Llamó a Moe Reed, le pasó los cuatro nombres y le pidió que buscara si tenían algún historial.

—Lo haré —dijo Reed—. De momento no he tenido suerte con la caja de pizza, pero Sean sigue buscando. Tiene una llamada de los forenses, los del laboratorio siguen con la Berlin.

—Demasiado rápido para un informe de tóxicos.

—Supongo que le habrán dado prioridad, teniente.

—Lo decía en un sentido científico, Moses.

—Ya, supongo que sí —concedió Reed—. De acuerdo, le doy un repaso a esos nombres y si averiguo algo se lo digo.

Milo colgó y marcó otro número.

—Hola —saludó la doctora Clarice Jernigan.

—¿El laboratorio ya tiene algo? ¿Tan pronto?

—¿Quién te lo ha dicho?

—Es el mensaje que me han dado.

—Fantástico —respondió Jernigan—. Secretaria nueva, ve demasiada televisión, le gusta correr la voz. No, lo siento si te han alimentado vanas esperanzas, Milo. Tardaremos semanas en tener informes completos del laboratorio. Pero yo te llamaba para hablar del alcohol en sangre de tu víctima, y puede que después de eso ya no necesites el informe del laboratorio. Ha dado un nivel de 2,6, tres veces el nivel legal. Incluso para una alcohólica en serio, como debía de ser ella a juzgar por su hígado, tenía que encontrarse en un estado bastante vulnerable. Tanto como para que no hiciera falta nada más para someterla.

—Borracha —dijo él.

—Como la clásica cuba.

—El hígado —dijo él—. ¿Ya habéis hecho la autopsia?
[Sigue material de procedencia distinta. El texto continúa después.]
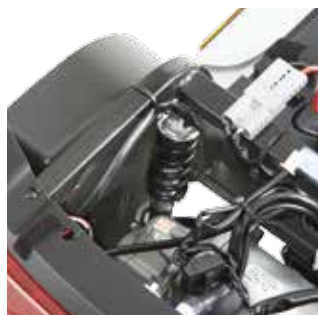
Suspension Can be adjusted at front and rear for optimal driving comfort.
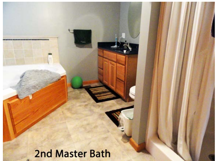
2nd Master Bath
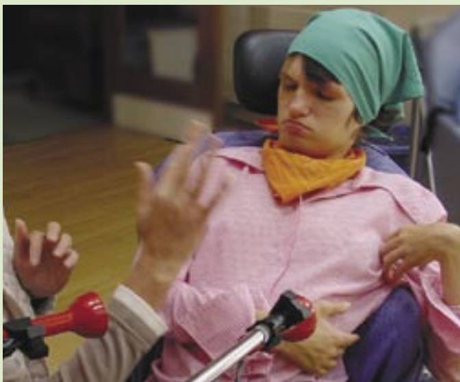
Creating more space for activities will give residents more opportunities to use sensory equipment like this sound beam technology.
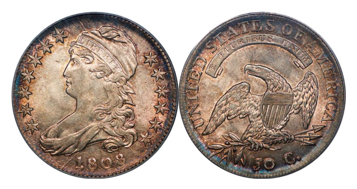
LOT 4 – 1808 O.106a R.3 PCGS OGH AU 55 CAC
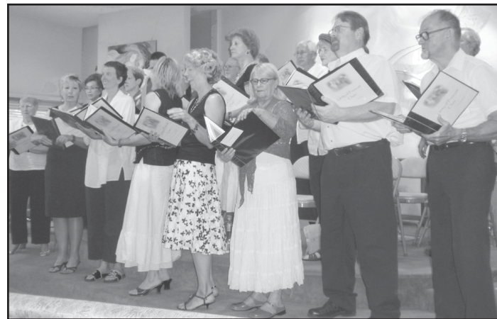
Choir Concert & Ice Cream Social provided delights for the heart and tastebuds.

If you no longer wish to receive this newsletter, please notify the church office.
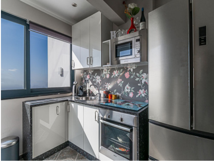
Kitchen for the guest area
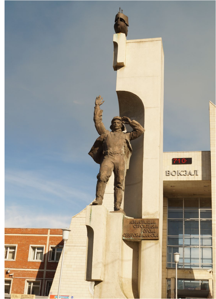
Severobaikal'sk, 2016
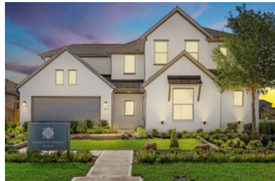
Hamilton Thomas Homes
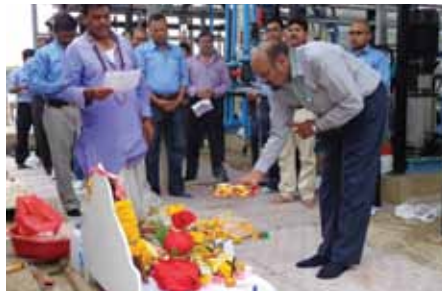
▶ Aurus Speciality Co.,Ltd. arranged a Pooja ceremony at the running R.O. Plant on Wednesday January 16, 2012 at the Biogas Plant
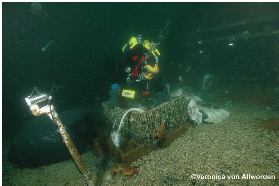
Figure 3. SCUBA diver setting bait to attract free swimming sixgill sharks at the Seattle Aquarium for genetics and abundance research.

the Aquarium Conservation Partnership (ACP) launched in 2016 as a 2-year-proof-of-concept project designed to bring the nation's leading aquariums together to achieve meaningful
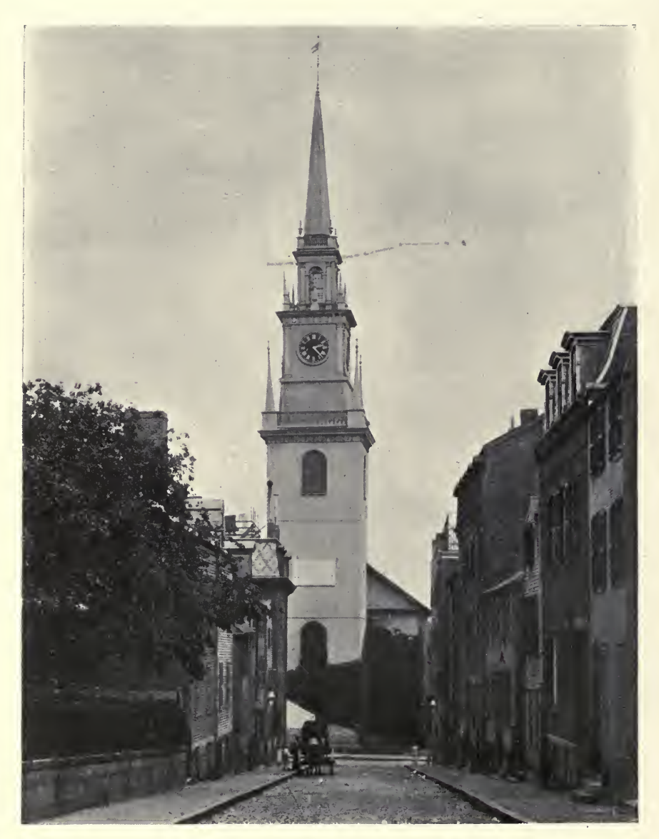
FIG. 1. NORTH CHURCH AS IT IS.
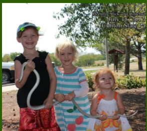
Successfully trained July 13, 2013 Clinton State Park
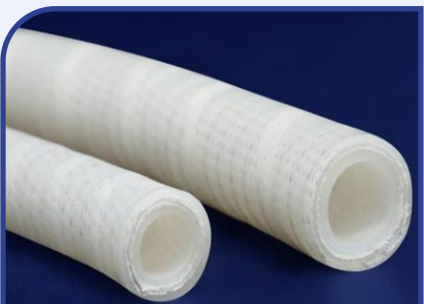
Silicone Hose Reinforced with 2/3 Plies of Polyester fabric and SS 316 L Wire
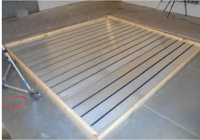
C25 test with 1-inch backing)

Laboratory Equipment & Procedures available upon request
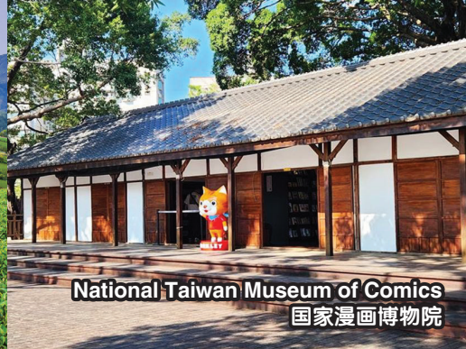
National Taiwan Museum of Comics 国家漫画博物院
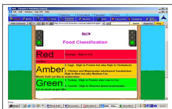
Fig. 6. Foods classified using a traffic light system.

Once the character has been fed the three meals the child is able to view the overall results. If the character has been fed a good diet, the character appears at normal size, thanking and congratulating the child for feeding it a good diet. If the character is fed a poor diet, then a screen similar to the one shown in Figure 3, where the character has increased in size, is displayed. In both cases the child is displayed with a screen representing a traffic light system, as shown in Figure 6.
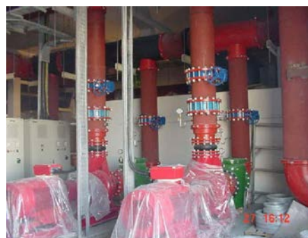
Details of HVAC components in the utility room connected with Shurjoint Elbows.

—Todavía no, pero tuve la ocasión de echar un vistazo a algunos órganos, por cortesía del asesino. Después de deshacernos de toda la sangre coagulada. Que, por cierto, según mis cálculos era más o menos toda la sangre que había en su cuerpo. Lo cual significa que nuestro atacante fue meticuloso y prácticamente no derramó ni una gota.

—¿Alguien con preparación médica?

—No lo puedo descartar, pero no, no hace falta una preparación tan específica.

—¿Qué hace falta, entonces?

—La fuerza y la confianza suficiente para hacer dos incisiones grandes con una cuchilla verdaderamente afilada y un estómago suficientemente entero para liberar los intestinos. Un carnicero lo podría hacer. Un cazador de ciervos lo podría hacer. Igual que cualquiera con la mente suficientemente retorcida y el conocimiento equivocado. Eso, quien tenga ese interés, lo encuentra en internet. En cualquier caso, no me hizo falta diseccionar el hígado para saber que padecía una cirrosis seria. La mayor parte del maldito órgano estaba gris y recubierta de grasa, no era muy bonito de ver. Pero como ya he dicho, por muy borrachina que fuera, un índice del 2,6 podía afectar seriamente su juicio, su tiempo de reacción, la coordinación y la fuerza. Bien fácil de dominar. Pregúntaselo al doctor Delaware la próxima vez que hables con él. Es probable que él pueda darte algunos parámetros de comportamiento.

—Estoy aquí, Clarice —le dije.

—Ah, hola. ¿Estás de acuerdo?

—Completamente.

—Fantástico —dijo—. Está bien que haya paz en el valle. Milo, haré lo posible por tener la autopsia terminada mañana. Como tengo un viaje, uno de los míos se encargará del bisturí, pero le echaré un vistazo personalmente.

—Gracias.

—Dicho eso, tampoco esperes conclusiones demasiado profundas. Murió al partirse el cuello y estaba bien muerta antes de que la cortasen.

—¿Bien muerta cuánto tiempo es?

—El suficiente para que la sangre se aposente. O sea, minutos; no horas. Me imagino a ese loco sentado, esperando, eso fue gran parte de su diversión. ¿Qué opinas tú, Alex?

—Tiene sentido.

—Ay, ojalá lo oyeran mis adolescentes. Mami no siempre se equivoca. Adiós, chicos.